### Problem to solve
In the copy, keep every record exact and leave out all images.

### Input for this task

+ + +

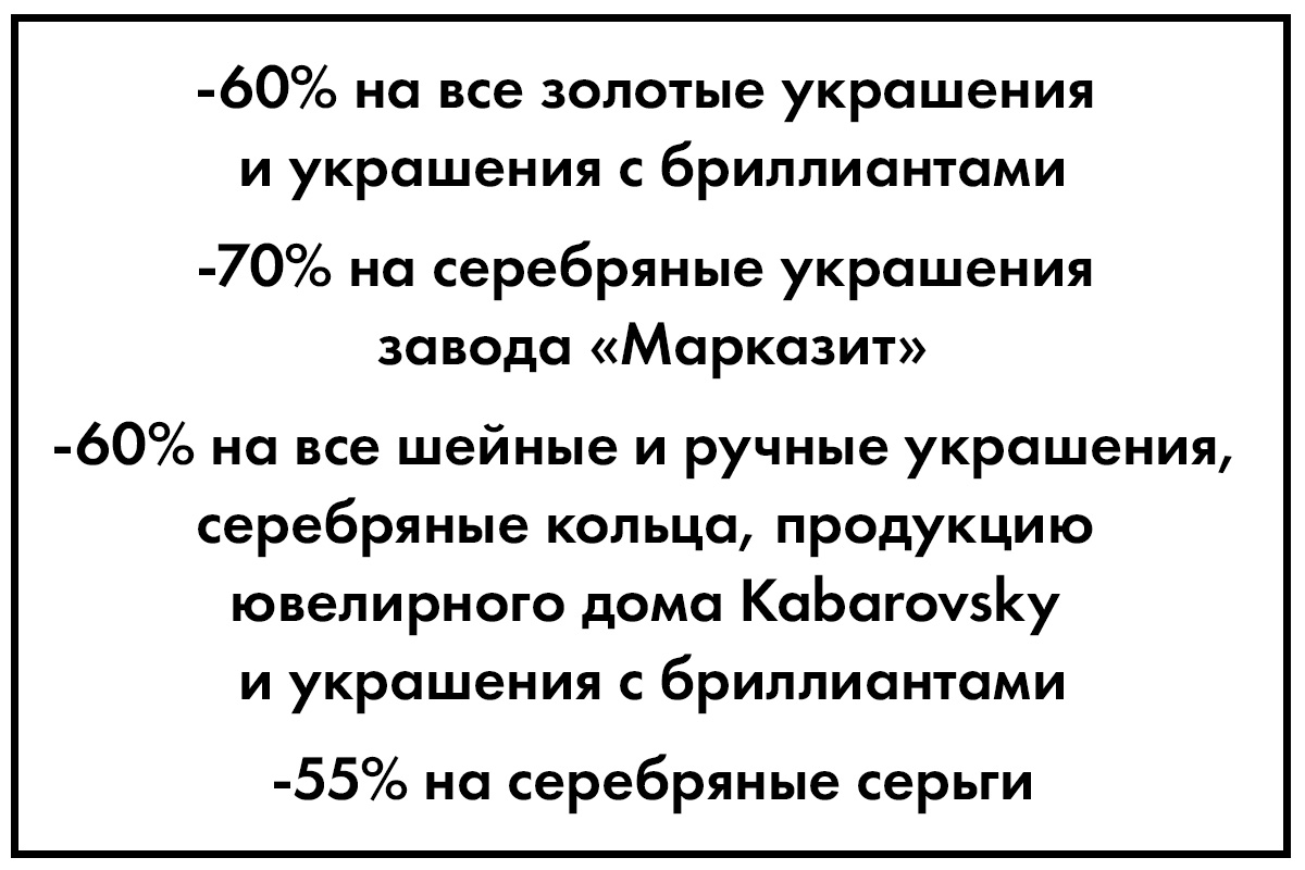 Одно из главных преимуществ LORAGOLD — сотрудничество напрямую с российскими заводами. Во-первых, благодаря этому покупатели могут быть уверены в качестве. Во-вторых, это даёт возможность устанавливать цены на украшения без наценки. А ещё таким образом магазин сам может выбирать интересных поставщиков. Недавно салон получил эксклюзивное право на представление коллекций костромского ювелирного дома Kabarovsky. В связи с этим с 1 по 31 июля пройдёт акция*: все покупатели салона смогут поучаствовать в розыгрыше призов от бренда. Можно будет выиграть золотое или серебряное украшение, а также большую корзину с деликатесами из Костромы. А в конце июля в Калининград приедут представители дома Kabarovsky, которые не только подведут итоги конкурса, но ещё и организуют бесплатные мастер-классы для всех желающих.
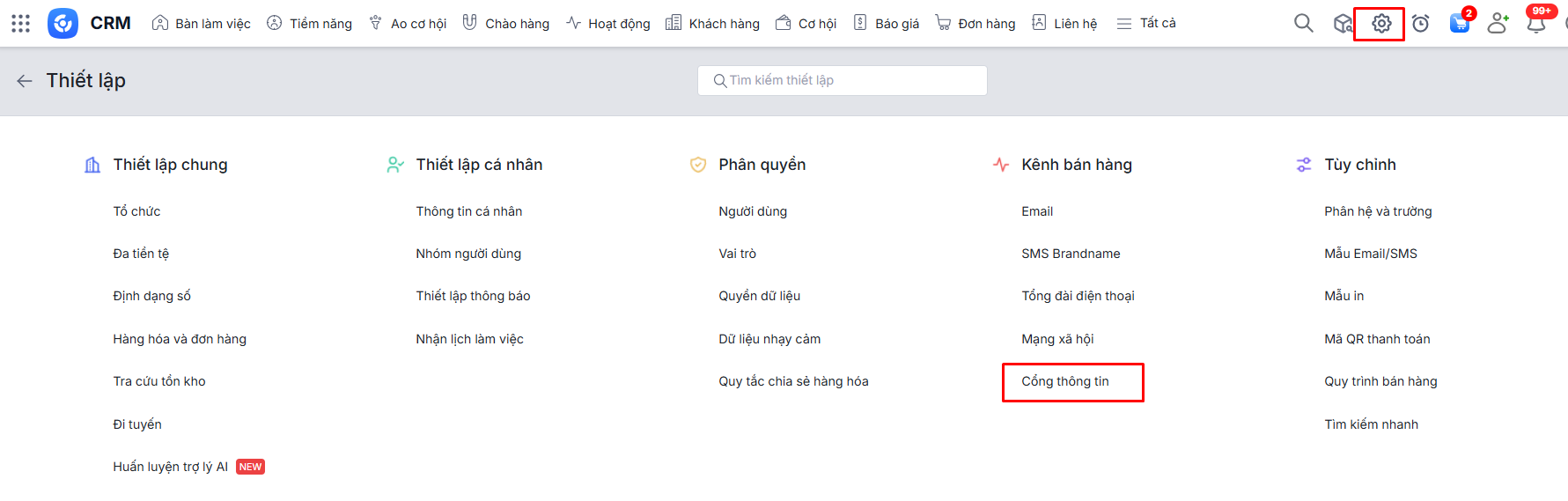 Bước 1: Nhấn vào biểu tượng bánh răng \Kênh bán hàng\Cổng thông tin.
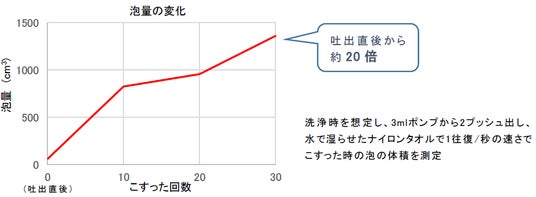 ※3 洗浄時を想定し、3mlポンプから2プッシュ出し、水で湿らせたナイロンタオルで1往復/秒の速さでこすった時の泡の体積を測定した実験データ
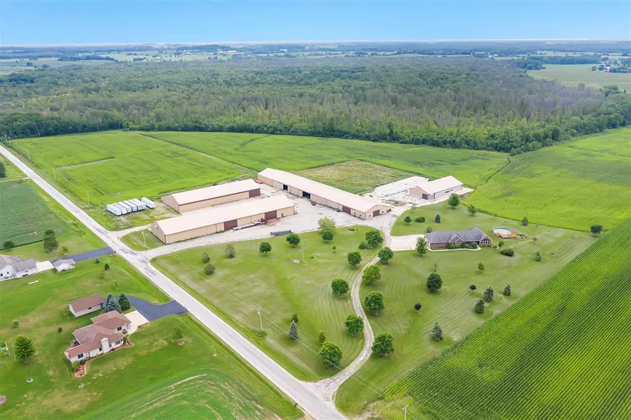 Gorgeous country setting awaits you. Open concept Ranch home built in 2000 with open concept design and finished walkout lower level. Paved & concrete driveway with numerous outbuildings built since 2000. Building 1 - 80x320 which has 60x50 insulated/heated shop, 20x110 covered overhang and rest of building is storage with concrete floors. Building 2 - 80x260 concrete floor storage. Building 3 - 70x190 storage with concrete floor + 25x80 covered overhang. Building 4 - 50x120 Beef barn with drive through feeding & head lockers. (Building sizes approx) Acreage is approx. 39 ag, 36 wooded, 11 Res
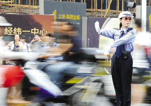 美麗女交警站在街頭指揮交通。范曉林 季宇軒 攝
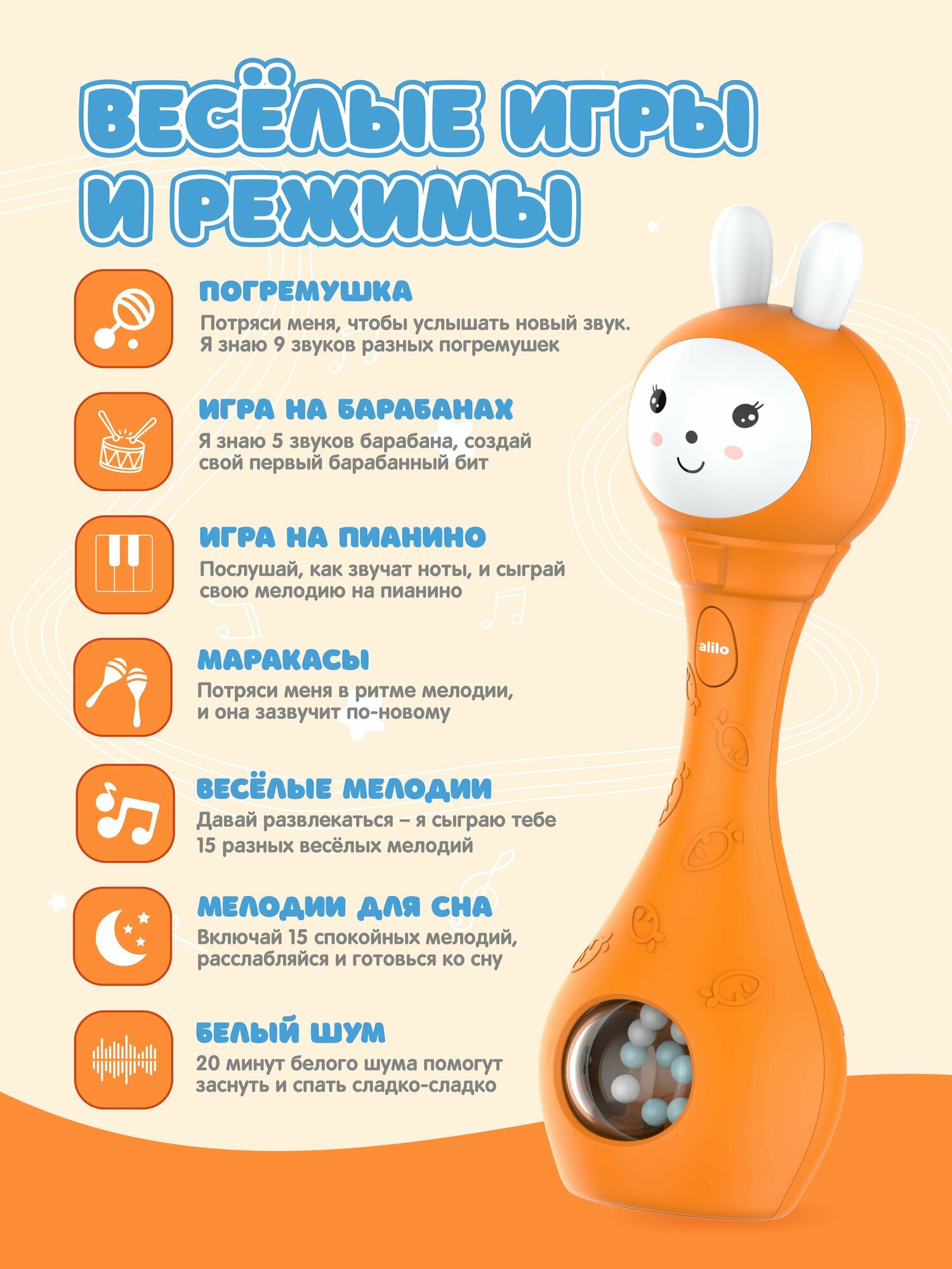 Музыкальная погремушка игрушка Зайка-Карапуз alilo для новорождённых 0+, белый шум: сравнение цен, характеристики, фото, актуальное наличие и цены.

+ + +

### Answer to this problem
 Одно из главных преимуществ LORAGOLD — сотрудничество напрямую с российскими заводами. Во-первых, благодаря этому покупатели могут быть уверены в качестве. Во-вторых, это даёт возможность устанавливать цены на украшения без наценки. А ещё таким образом магазин сам может выбирать интересных поставщиков. Недавно салон получил эксклюзивное право на представление коллекций костромского ювелирного дома Kabarovsky. В связи с этим с 1 по 31 июля пройдёт акция*: все покупатели салона смогут поучаствовать в розыгрыше призов от бренда. Можно будет выиграть золотое или серебряное украшение, а также большую корзину с деликатесами из Костромы. А в конце июля в Калининград приедут представители дома Kabarovsky, которые не только подведут итоги конкурса, но ещё и организуют бесплатные мастер-классы для всех желающих.
 Bước 1: Nhấn vào biểu tượng bánh răng \Kênh bán hàng\Cổng thông tin.
 ※3 洗浄時を想定し、3mlポンプから2プッシュ出し、水で湿らせたナイロンタオルで1往復/秒の速さでこすった時の泡の体積を測定した実験データ
 Gorgeous country setting awaits you. Open concept Ranch home built in 2000 with open concept design and finished walkout lower level. Paved & concrete driveway with numerous outbuildings built since 2000. Building 1 - 80x320 which has 60x50 insulated/heated shop, 20x110 covered overhang and rest of building is storage with concrete floors. Building 2 - 80x260 concrete floor storage. Building 3 - 70x190 storage with concrete floor + 25x80 covered overhang. Building 4 - 50x120 Beef barn with drive through feeding & head lockers. (Building sizes approx) Acreage is approx. 39 ag, 36 wooded, 11 Res
 美麗女交警站在街頭指揮交通。范曉林 季宇軒 攝
 Музыкальная погремушка игрушка Зайка-Карапуз alilo для новорождённых 0+, белый шум: сравнение цен, характеристики, фото, актуальное наличие и цены.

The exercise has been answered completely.